The promise was made in sunnier times for the climate math. Google committed to running its operations on net-zero carbon by 2030, and Amazon signed the Climate Pledge, promising to reach net-zero emissions by 2040, with its founder calling the target ambitious but achievable. The data centers those companies have built since then are testing whether the promises can survive contact with artificial intelligence.
The electricity demands of AI have grown faster than anyone predicted when the pledges were written. Training large models consumes power on a scale that was previously the preserve of small cities, and running those models for customers, the inference side of the business, is projected to consume more. The result, analysts say, is that the companies’ power consumption is climbing at a pace that their clean-energy plans were never designed to match.
Google’s trajectory illustrates the problem. The company has reported that its emissions have climbed sharply since 2019, the baseline for its net-zero commitment, driven in large part by the data centers that power its AI products. It has bought record volumes of renewable energy and signed contracts for new solar, wind and geothermal projects, but the gap between the power its facilities draw and the clean power it can procure keeps widening.
Amazon faces the same arithmetic with a longer runway and a larger footprint. The company’s cloud unit, AWS, is one of the largest buyers of data center capacity in the world, and its commitments to AI customers have multiplied its power needs. Amazon has said it remains committed to the Climate Pledge, and it has invested in nuclear power and renewable projects, but the pace of new construction is straining the timelines its own pledge implies.
The power problem is compounded by geography. The regions where AI data centers are being built fastest, from Virginia to Texas to the desert Southwest, often have grids that run heavily on fossil fuels, and the companies have had to pair their facilities with new renewable projects that take years to come online. In the meantime, the emissions are counted and reported, and the reports have made for uncomfortable reading.
The carbon accounting has its own complications. Companies can buy renewable energy credits and claim progress on paper, a practice that critics say inflates the appearance of decarbonization without changing the power that actually reaches their facilities. Both Google and Amazon have been pressed by investors and environmental groups to move beyond purchased credits toward power they control, and both have argued that their procurement is real and growing.

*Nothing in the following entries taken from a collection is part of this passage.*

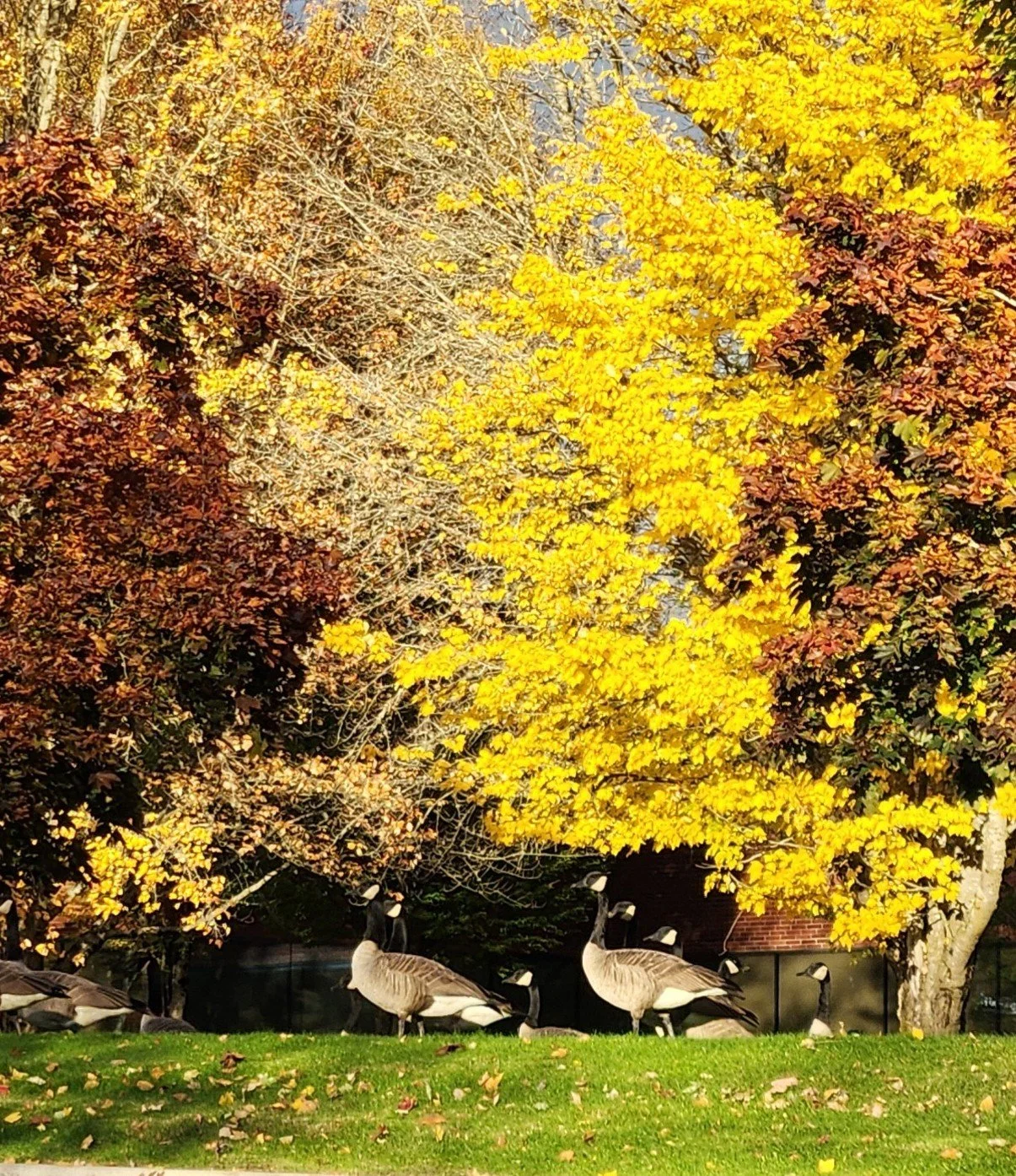 A cool Fall Day with a descending sun and rain on the horizon found me walking my two poodles around an unfamiliar suburban medical center in Beaverton, Oregon. Orange and red leaves lined the sidewalks surrounding grassy slopes which led to a small berm parallelling a busy road. It looked like a safe place for the dogs to poop, so I headed toward it when something moved. There, a group of Canada Goose eyed me nervously, slowly drifting away hoping to avoid taking flight. I broke off my approach, watching the large, adult fowl own the mound with a confident dignity. I took a few photographs and let them be.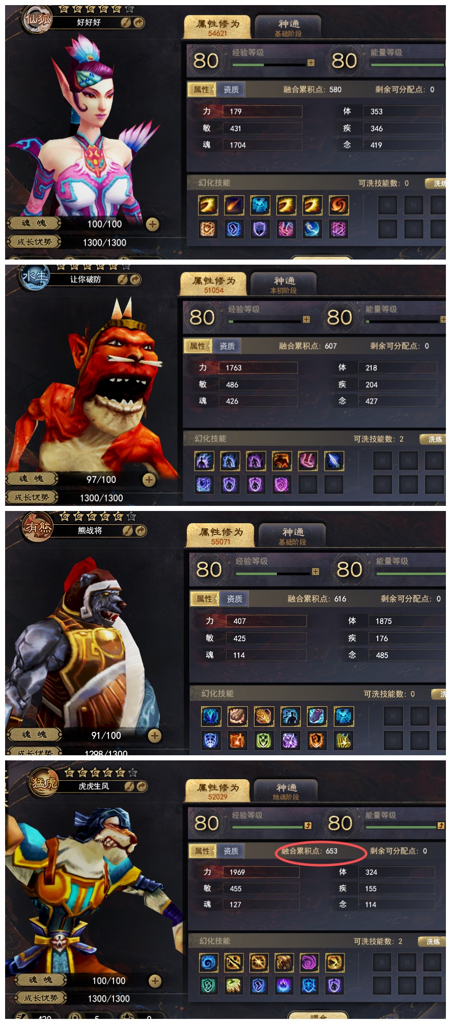 653分配合体老虎 + 607分配合体鱼 +580超气狐狸 + 616分配5星(完美技能)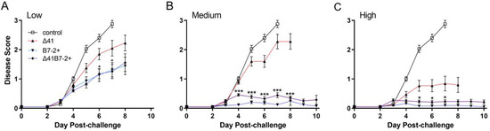 Genital inflammation and disease after i.vag. challenge of immunized mice. Mice as described in Figure 4 were immunized with a (A) low, (B) medium, or (C) high dose of virus or an amount of control supernatant corresponding to the high dose of virus. After the challenge, mice were observed daily for signs of inflammation and lesions on their external genitalia. Data represent the arithmetic mean ± SEM for all samples compiled from two independent experiments (n = 20). *, p = 0.0389–0.0178; ***, p < 0.0001 for Δ41 compared with Δ41B7-2+.

The cost of the conflict is not just environmental. Power is now a line item in the AI arms race, and the companies that secure reliable, cheap electricity have an advantage over those that do not. Google and Amazon have responded by buying into nuclear generation, signing long-term power agreements and building data centers next to the sources of energy they need, a strategy that protects their AI ambitions even as it complicates their climate accounting.
The reputational dimension is harder to price. Both companies have marketed their sustainability programs aggressively, to customers, employees and regulators, and every report showing rising emissions gives their critics ammunition. European regulators, in particular, have begun demanding more detailed disclosure of data center energy use, and the companies face the prospect of compliance regimes that treat their power consumption as a liability.
The tension has produced creative responses. The companies have funded carbon capture projects, invested in advanced geothermal, and explored small modular nuclear reactors, technologies that were fringe when the pledges were made. Each bet carries its own risks, and none will deliver at the scale the data centers need within the timelines the pledges require.
Utility companies have become the unlikely beneficiaries of the conflict. Power providers in data center hubs have reported surging demand and rising profits, and their stocks have outperformed as investors priced in the AI build-out’s appetite for electricity. The companies buying that power may be struggling with their climate math, but the utilities selling it are not complaining.
Investors are divided on what the trade-off means. Some argue that clean power spending is a necessary cost of the AI build-out, and that the companies’ commitments demonstrate the discipline to manage it. Others say the rising emissions figures undercut the sustainability narrative that has supported their valuations, and that the companies will eventually have to choose between their climate promises and their computing ambitions.
TechCrunch’s analysis, which brought the conflict into focus this week, points to a third possibility: that the pledges are being redefined rather than abandoned. Companies can adjust baselines, change accounting methods or reinterpret what net-zero means, and regulators have shown limited appetite for punishing failures that were, in fairness, made before the AI boom’s power needs were visible.
Neither Google nor Amazon has said it is walking away from its commitment, and both continue to announce clean-energy deals. But the direction of the numbers is hard to argue with: the power is rising, the clean supply is not keeping pace, and the distance between promise and performance is growing. The 2030 and 2040 targets were set in a different computing era, and the AI era is rewriting the timeline.